Mapping plane/set into/onto itself (What exactly does this mean?)

[vantroff]

I've seen in books things like "G is mapping of plane into itself", "map of a set into itself" or "map of set/plane onto itself".
What exactly to map into/onto itself means? Do this means that when G maps into itself we get G as a result or we can also associate points on G to other points as long as they are on G?
If we have set S={1,2,3} what will mean to map it into itself?
The flowing thing?
1->1 S→S
2->2 S₂→S₂
3->3 S₃→S₃

Will "f:S→S where the image is S itself (i.e f(S)=S)" will be the correct notation(is there difference between the two, if they are correct at all?)

Some simple examples will be helpful.

Most of things I wrote probably make no sense, but I'm totally confused and google don't want to assist when I search about "mapping" and "maps". Giving me the right thing to search for or where to read about these things will be highly appreciated.
I also suppose that onto and into have different meaning, but I don't know what.

Thanks in advance to anyone who reply!

 

[andrewkirk]

For a set S, and a function ('map') f whose domain is S, we say f 'maps S into itself' if f(x) is in S for every x in S.
We say f 'maps S onto itself' if the above applies and the additional condition applies that for every y in S there is some x in S such that y=f(x). This can also be written as f(S)=S.

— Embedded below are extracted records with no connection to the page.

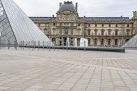 A gloomy day in Paris, Europe. The classic architecture of the buildings and the town square create a timeless urban design. The grey sky adds to the atmosphere of the city, known for its iconic monuments and tourist attractions.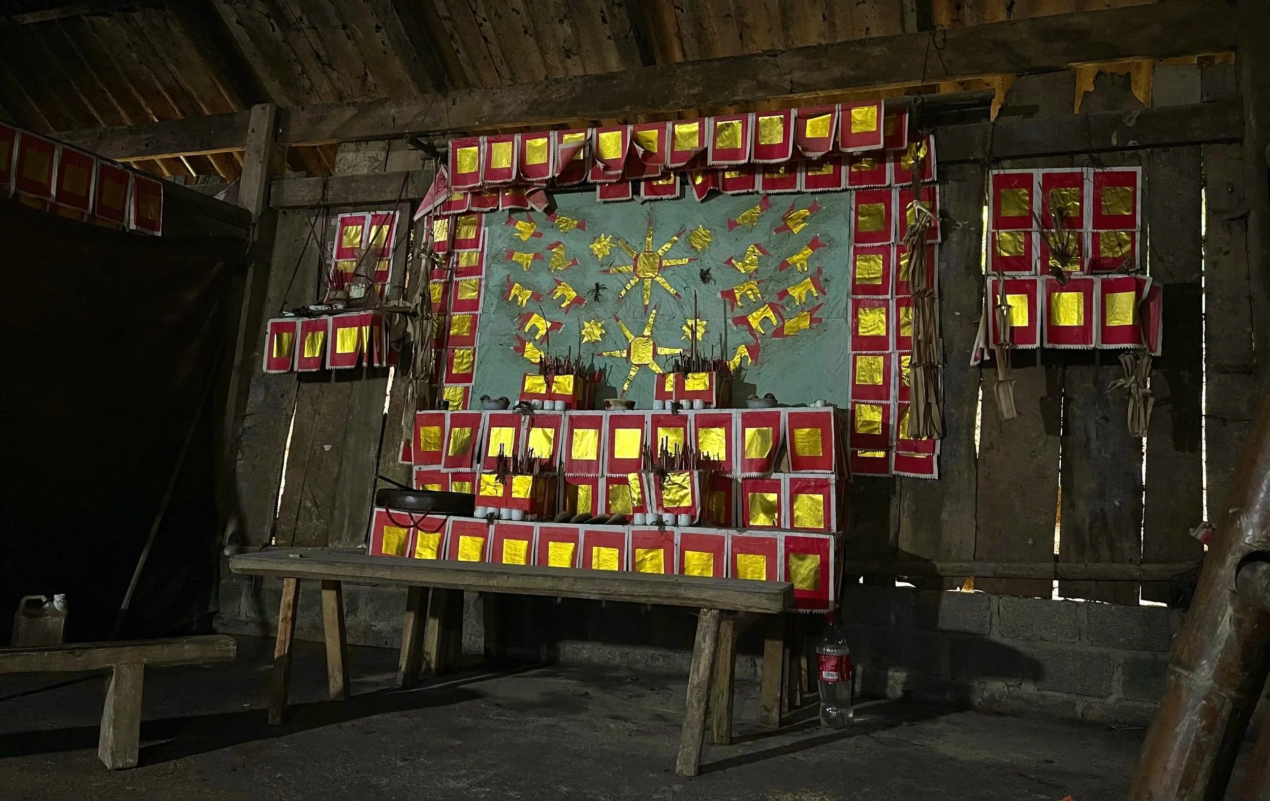 A pyre is built from old ritual papers. As chanting intensifies and gongs grow louder, the shaman rolls through the embers, sending sparks into the air. Others follow, dancing through smoke with stamping feet. Bowls of meat and rice are placed on the altar with cups of distilled rice wine. Food and drink are offered to the spirits before the communal feast begins. The ceremony ends in shared eating, storytelling and laughter long into the night.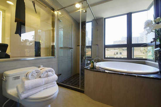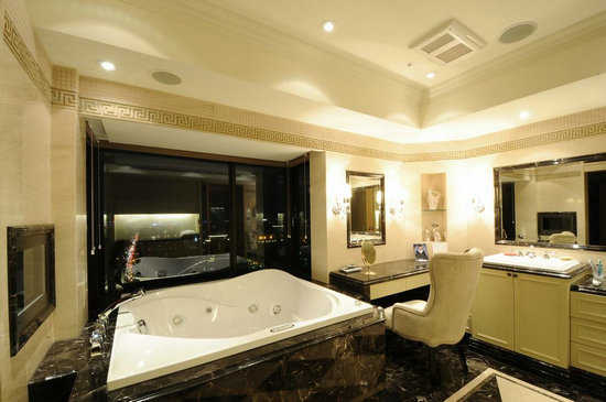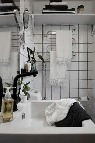 编辑点评:特别的回形架子设计既美观又方便毛巾的区分和取放;白色小平台用来放置要更换的衣物和其他小物品,设计十分贴心。

There are maps from a set onto itself that do not map each element to itself. For instance, with your three-element set, the map f such that
$f(S_1)=S_2$
$f(S_2)=S_3$
$f(S_3)=S_1$
maps S onto itself.

Maps of a set onto itself are sometimes called 'permutations'.

 

[vantroff]

Thank you for the answer! I think that I understand it now. IDK why in all the books where I checked it wasn't explained that simple (it wasnt explained at all)...